● Task prompt: Once the line containing "Now click on" is found in the material below, it and every line after it should be transcribed exactly, with pictures left out and nothing added.

● Data listing:
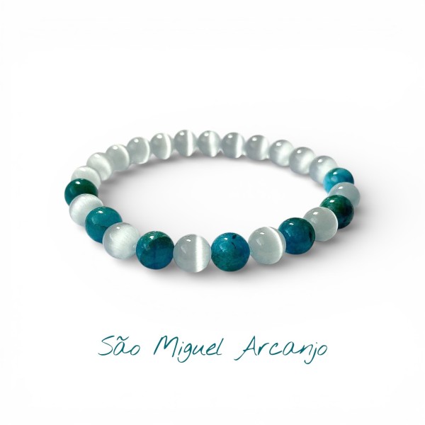 A combinação de tons azuis profundos com o brilho místico do Olho de Gato cria uma jóia cheia de intensidade espiritual. Cada pedra representa a espada de luz de São Miguel, afastando negatividade e fortalecendo a tua energia interior.
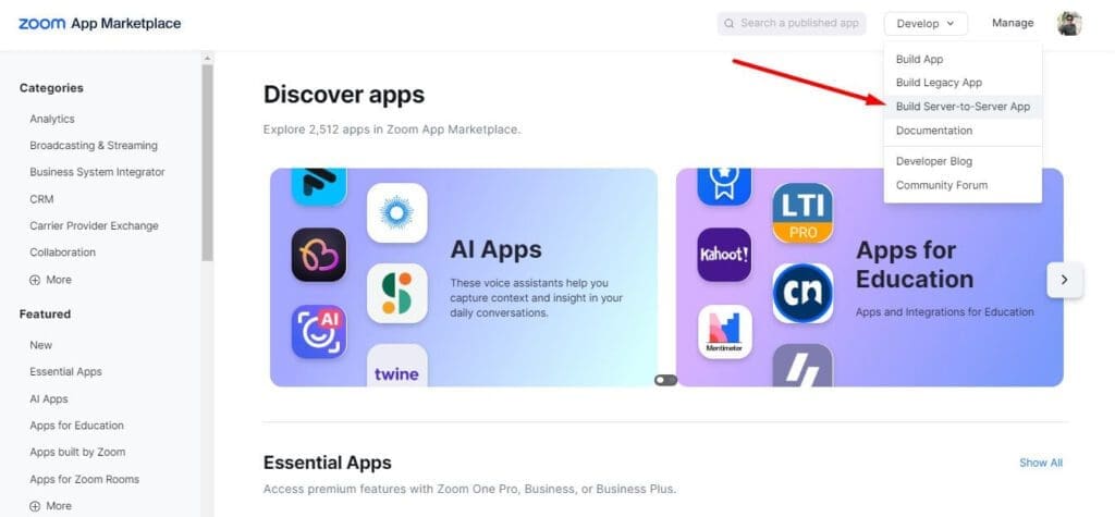 Now click on Develop section, then select and click on Build Server-to-Server App.
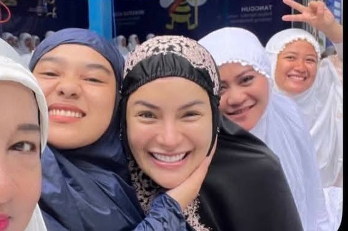 Ia tampak cantik mengenakan mukena warna hitam dengan motif cream. Ibu tiga anak itu juga tampak berpenampilan polos tanpa polesan make up.
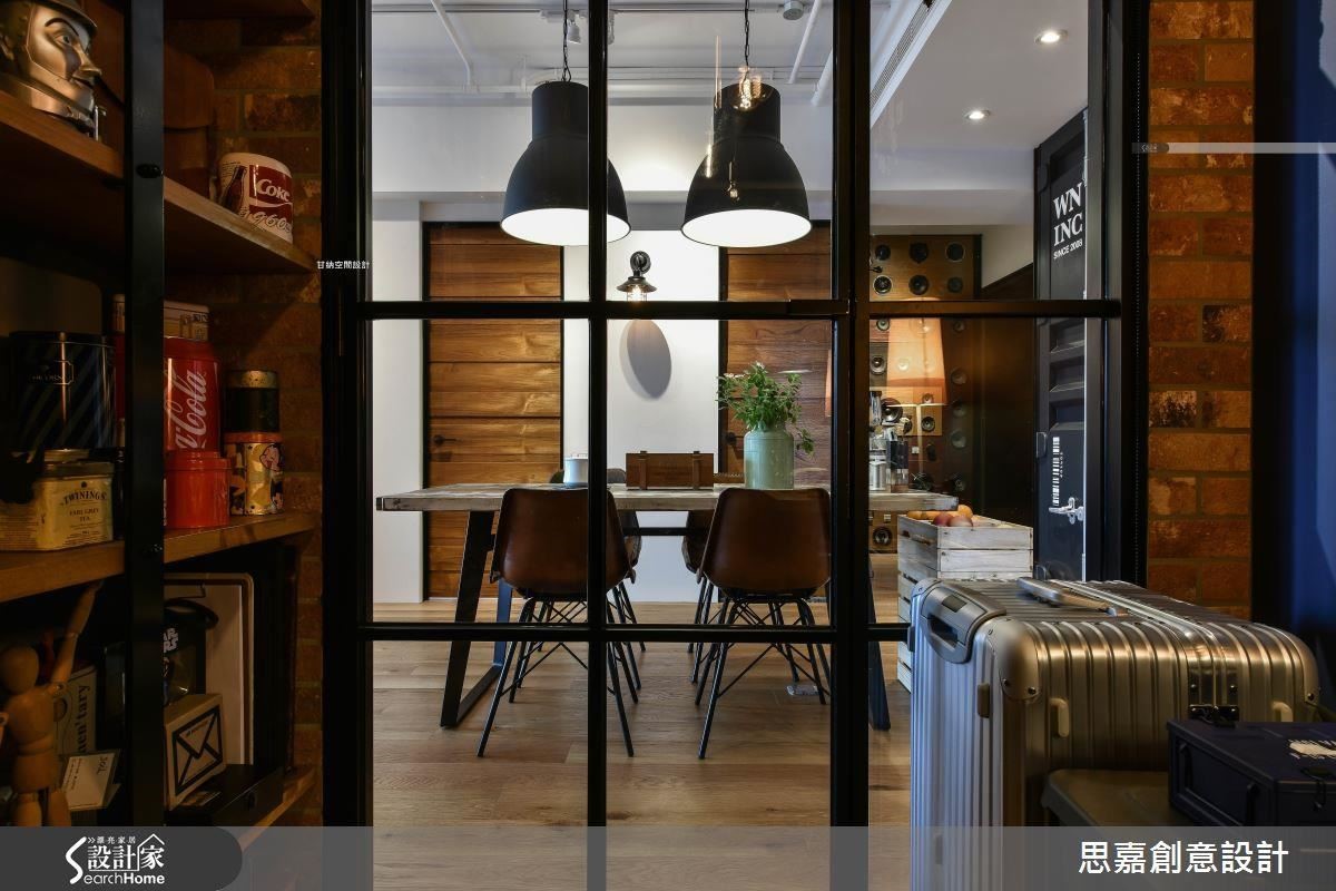 玄關處的造型牆風格強烈,設計師花費許多心思網羅了二手喇叭,將大小、色調顏色不一的喇叭拼貼於玄關牆面,產生不同層次的立面變化,又能兼具實用的櫃體功能,成為甫入內的一抹焦點。餐桌旁的造型貨櫃門,利用木作上漆再融入金屬元素,讓看似剛硬冷冽的櫃體散溢著些許溫潤。書房以深色調牆面為基底,鐵件與木層板構築的書架、配搭 Loft 風的家飾品,營造風格強烈的空間氛圍。
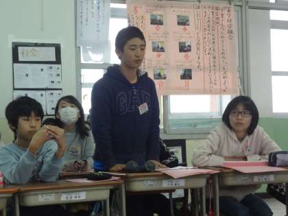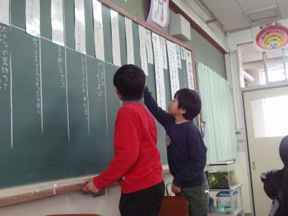学級会で『クリスマスパーティー』の内容を決めました。話し合う内容,意見の内容の質も上がり,多くの人が自主的に発表できるようになっています。

● Answer to this problem:
 Now click on Develop section, then select and click on Build Server-to-Server App.
 Ia tampak cantik mengenakan mukena warna hitam dengan motif cream. Ibu tiga anak itu juga tampak berpenampilan polos tanpa polesan make up.
 玄關處的造型牆風格強烈,設計師花費許多心思網羅了二手喇叭,將大小、色調顏色不一的喇叭拼貼於玄關牆面,產生不同層次的立面變化,又能兼具實用的櫃體功能,成為甫入內的一抹焦點。餐桌旁的造型貨櫃門,利用木作上漆再融入金屬元素,讓看似剛硬冷冽的櫃體散溢著些許溫潤。書房以深色調牆面為基底,鐵件與木層板構築的書架、配搭 Loft 風的家飾品,營造風格強烈的空間氛圍。
学級会で『クリスマスパーティー』の内容を決めました。話し合う内容,意見の内容の質も上がり,多くの人が自主的に発表できるようになっています。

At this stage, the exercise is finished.